Facilitating the US "yea" vote, diplomats said, was something of an unofficial entente between the Americans and the PLO. Washington, for its part, voted for the resolution. The PLO, in turn, joined an Arab consensus to halt efforts to toughen the wording of the resolution -- a move that virtually would have obligated the US to cast its familiar abstention vote.

One Gulf diplomat said that during informal Arab consultations on the resolution, "The PLO was actually more moderate than some other Arab parties, such as Jordan."

American support of the UN condemnation of Israeli settlement came as Europe, particularly Britain, was weighing a possible "supplement" to the famed UN Resolution 242 of 1967 as a means of involving the PLO in the negotiating process.
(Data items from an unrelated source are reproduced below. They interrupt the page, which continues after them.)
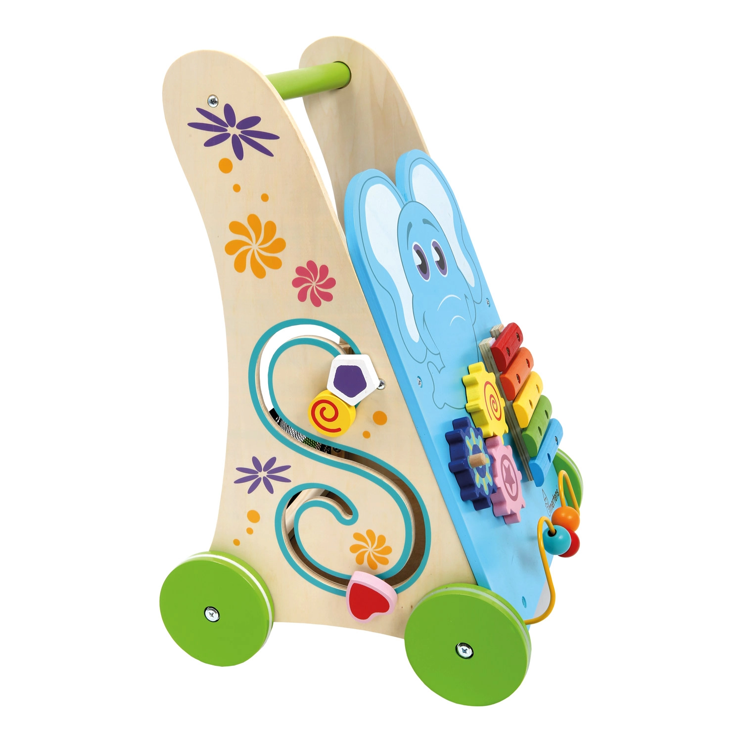 Υποστηρίξτε τα πρώτα βήματα και την πολύπλευρη ανάπτυξη του νηπίου σας με αυτή τη σταθερή ξύλινη περπατούρα με δραστηριότητες. Προσφέρει ξυλόφωνο με απαλό ήχο, λαβύρινθο με χάντρες, κουμπώματα σχημάτων και οδοντωτούς τροχούς για εξερεύνηση αιτίου και αποτελέσματος. Οι λάστιχενιοι τροχοί εξασφαλίζουν αθόρυβη κίνηση και προστασία του δαπέδου, ενώ η στιβαρή κατασκευή από 100% ξύλο FSC είναι ασφαλής και ανθεκτική.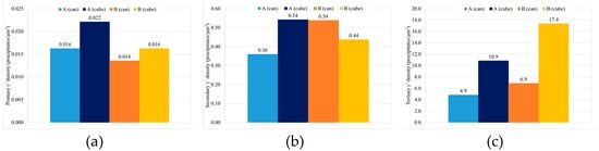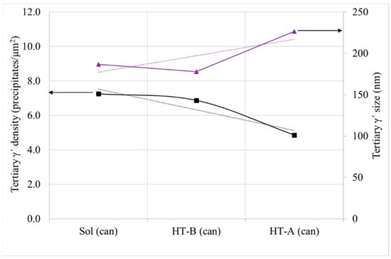 Total γ′ content of the four studied samples is similar, with a small decrease for samples with HT-B treatment, and tertiary γ′ is the more numerous strengthening precipitate in all the samples (Figure 17). In terms of γ′ precipitate size, can samples present larger precipitates than cubes. On the other hand, for samples with the same dimensions, material with HT-A treatment presents bigger precipitates than samples with HT-B treatment (Figure 18). Usually, when the precipitates are coarse their density is lower. This effect is very noticeable in the samples with similar overall γ′ content, where coarse tertiary γ′ precipitates show lower density than those which are thinner (see Figure 16b,c, Figure 18 and Figure 19).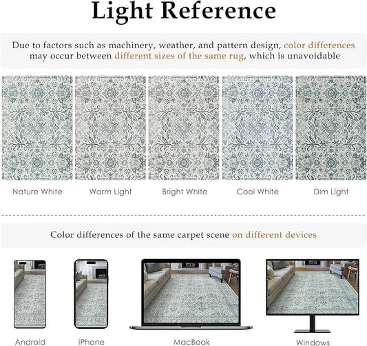 Vintage Area Rug 4x6 Blue Entryway Office Washable Carpet Non Slip Bedroom Indoor Living Room Door Mat Low Pile Traditional Distressed Retro Accent Rug for Dining Room Bathroom Kitchen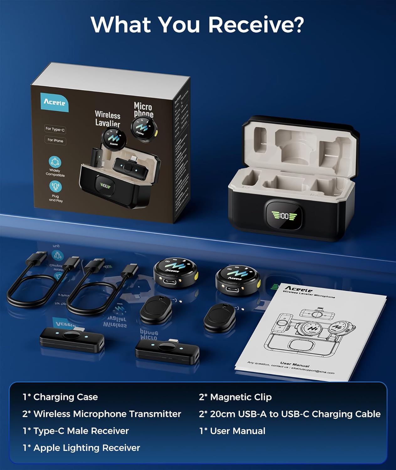 【Plug & Play】Wireless microphones & receiver Equipped with both USB-C and Lightning receivers, compatible with iPhone, iPad and Android System phones and tablets, as well as other mobile devices with a USB-C port (eg: laptops, PCs, etc.). No app, cables, WiFi, or Bluetooth required, simply plug the receiver (USB-C or Lightning) into your phone, connect it to the microphone and then start recording.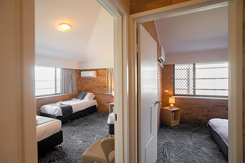 This 2-bedroom suite features a queen-sized bed in 1 bedroom and 3 single-sized beds in the other. Room amenities include living area, separate bathroom, air-conditioning, tea/coffee making facilities, mini fridge, linen, towels, free toiletries and flat-screen TV with free-to-air channels.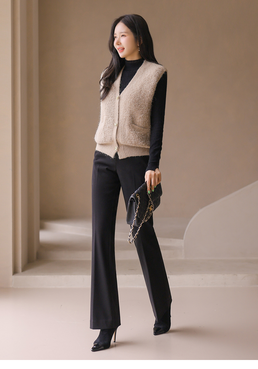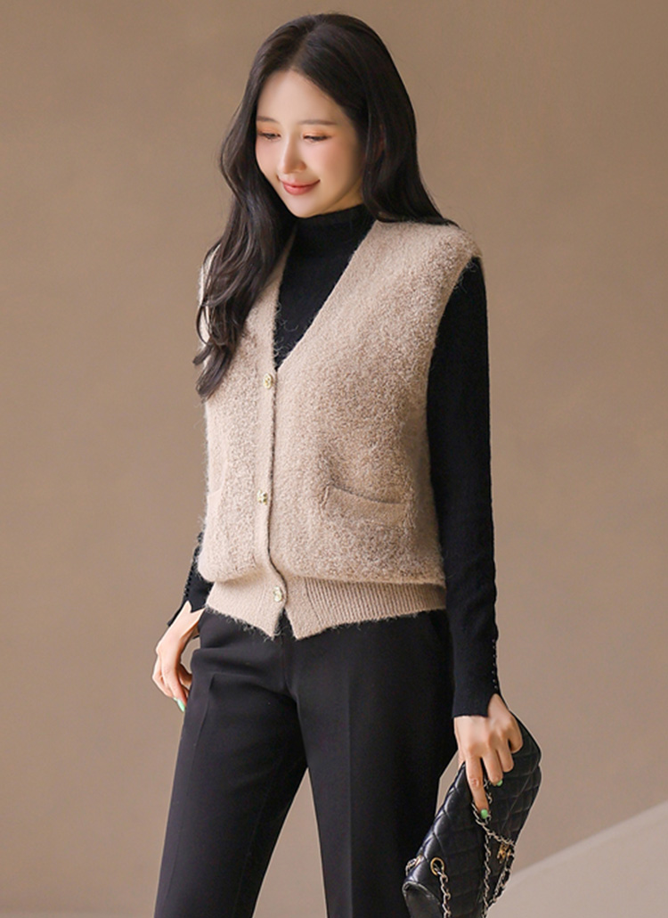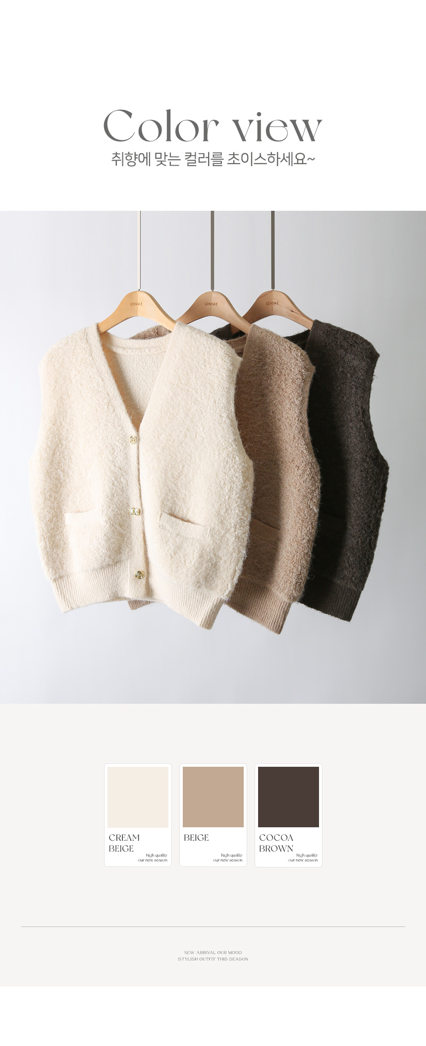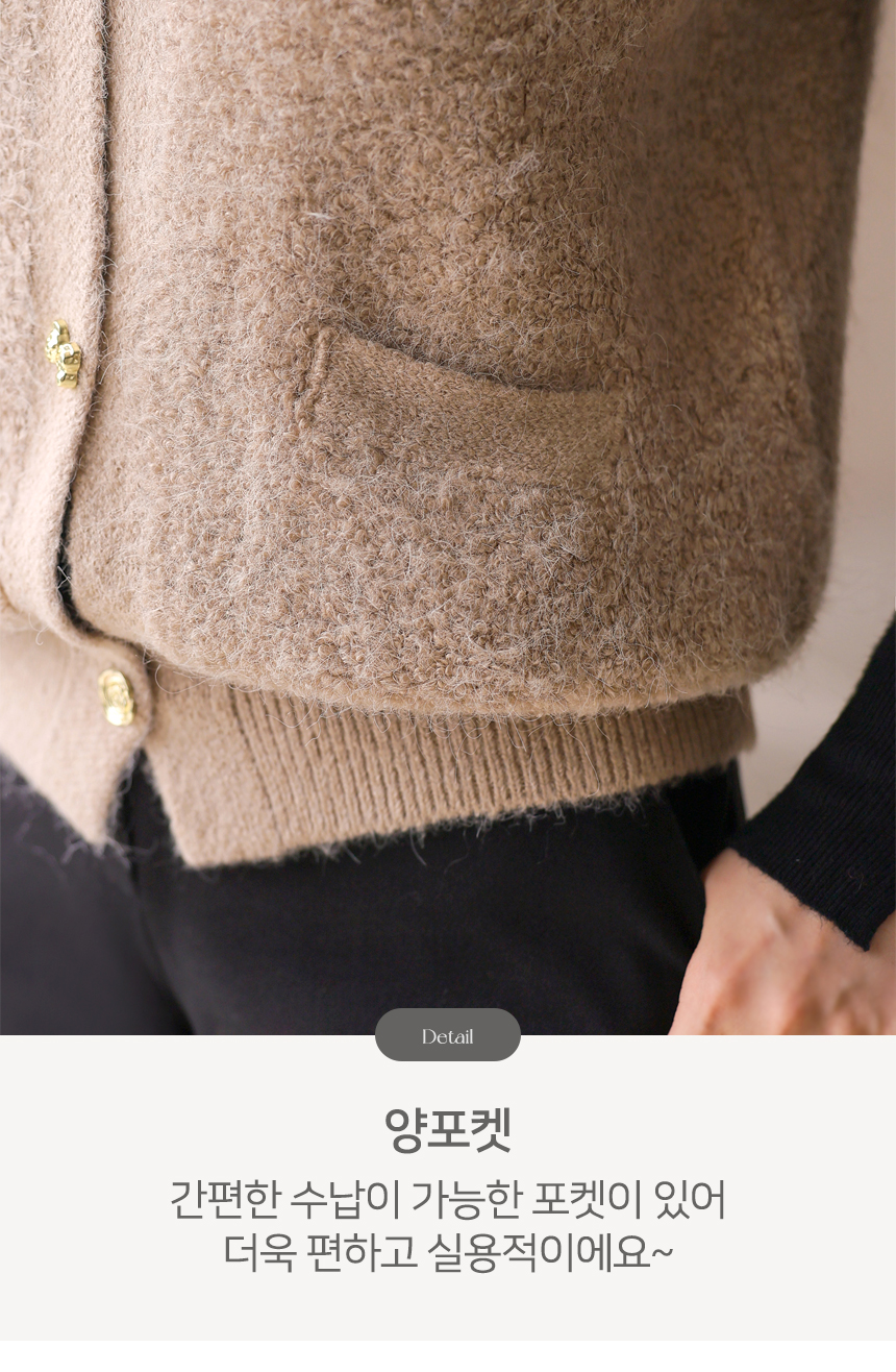 포근한 울 블렌딩 소재에 골드 버튼으로 포인트를 준 뽀글뽀글 니트 조끼에요 :)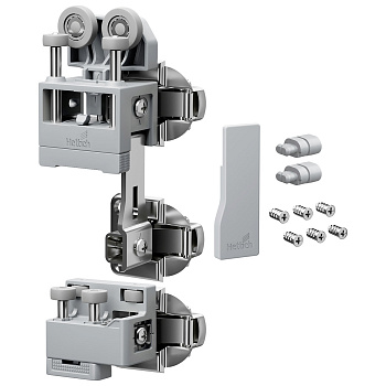 - В комплект входят все необходимые компоненты для одной складной двери с 2 створками, включая ходовой элемент с двумя петлями, направляющий элемент, заглушку и крепеж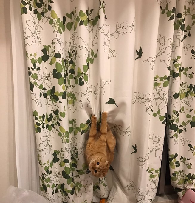 おかげでカーテンボロボロ😉💛 pic.twitter.com/zRUrcE4073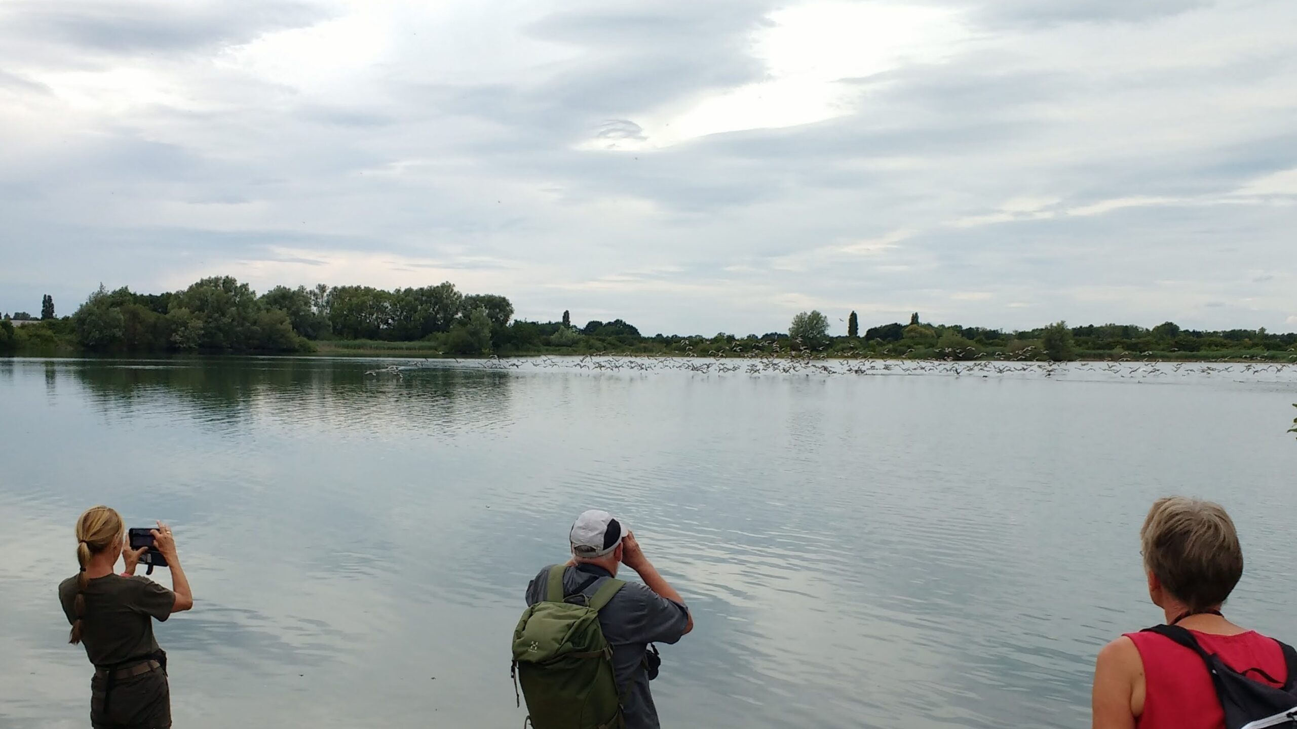 Onderweg kregen we nog gezelschap van een familie staartmeesjes en bij het slikstrandje ging een grote groep ganzen (meest grauwe) op de vleugels, wat ook een spectaculair gezicht en gehoor was.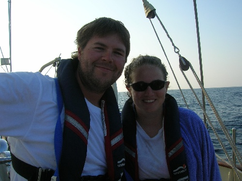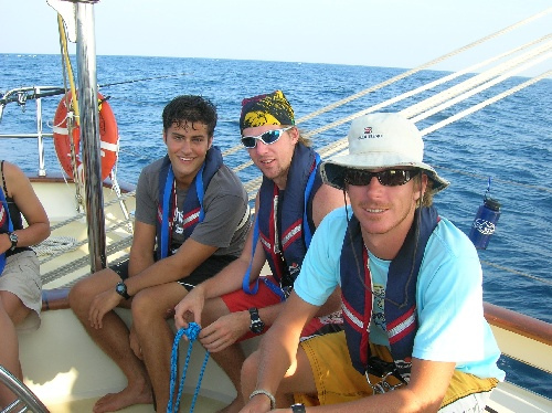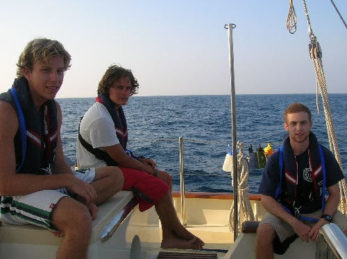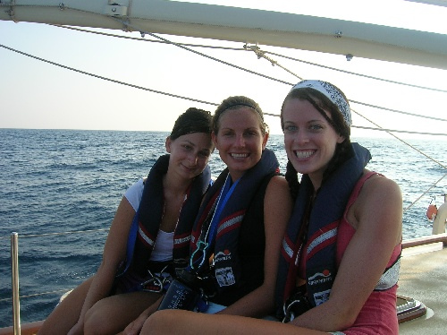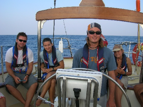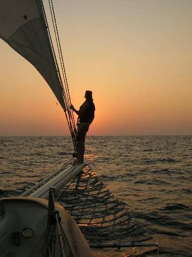 Today was another nice and relaxing day at sea. Everyone has settled into their watch rhythms and is enjoying the passage of life. Unfortunately, we didn’t catch any fish today, but we saw some dolphins after dinner. Our two classes in the afternoon were marine biology and professional skipper and crew training, where the students began their formal navigation training. After a delicious dinner of rice and beans cooked by Jill and Brittany, watch team three take the deck just before a beautiful sunset. We’ve spent the last three hours enjoying the beautiful sailing and discussing such important matters as American Idol, childhood TV shows, and whether the light we saw shooting across the sky was a UFO or a spaceship.

British diplomats, in a reading seconded by many US officials, feel that a solution of the Palestinian issue has become imperative amid Western efforts to align Middle Eastern states against widening Soviet influence. Relations between Washington and even moderate Arab states have long been clouded by a perceived US slant in favor of Israel in the Middle East conflict.

The main lines of an eventual understanding between the Americans and the PLO have been clear for at least several years: a swap of US support for Palestinian political demands, for at least tacit PLO recognition as Israel's right to a secure existence.

The main obstacles on both sides, many diplomats argue, may be as much political as substantive.

PLO leader Yasser Arafat, a politician with a guerrilla's automatic caution, wants to assure that any compromise will lead to official recognition of his organization by Washington and to a direct PLO negotiating role.

The Americans, meanwhile, ask themselves whether direct contact with the mainstream Palestinian organization would be worth the virtually certain downturn in US- Israeli relations. Israeli backlash could all but doom US hopes for an early "overall" Middle East settlement.

"He [President Carter] is clearly upset over escalating Israeli settlement in the [occupied] West Bank," commented one diplomat. "He would also like to strengthen US relations with the Arab world . . . implying at least some sign of openness toward the Arab view of the Palestinian conflict."

Yet more than a few diplomats doubt President Carter will energetically activate efforts toward conciliation with the PLO -- at least until, or unless, he is safely re-elected.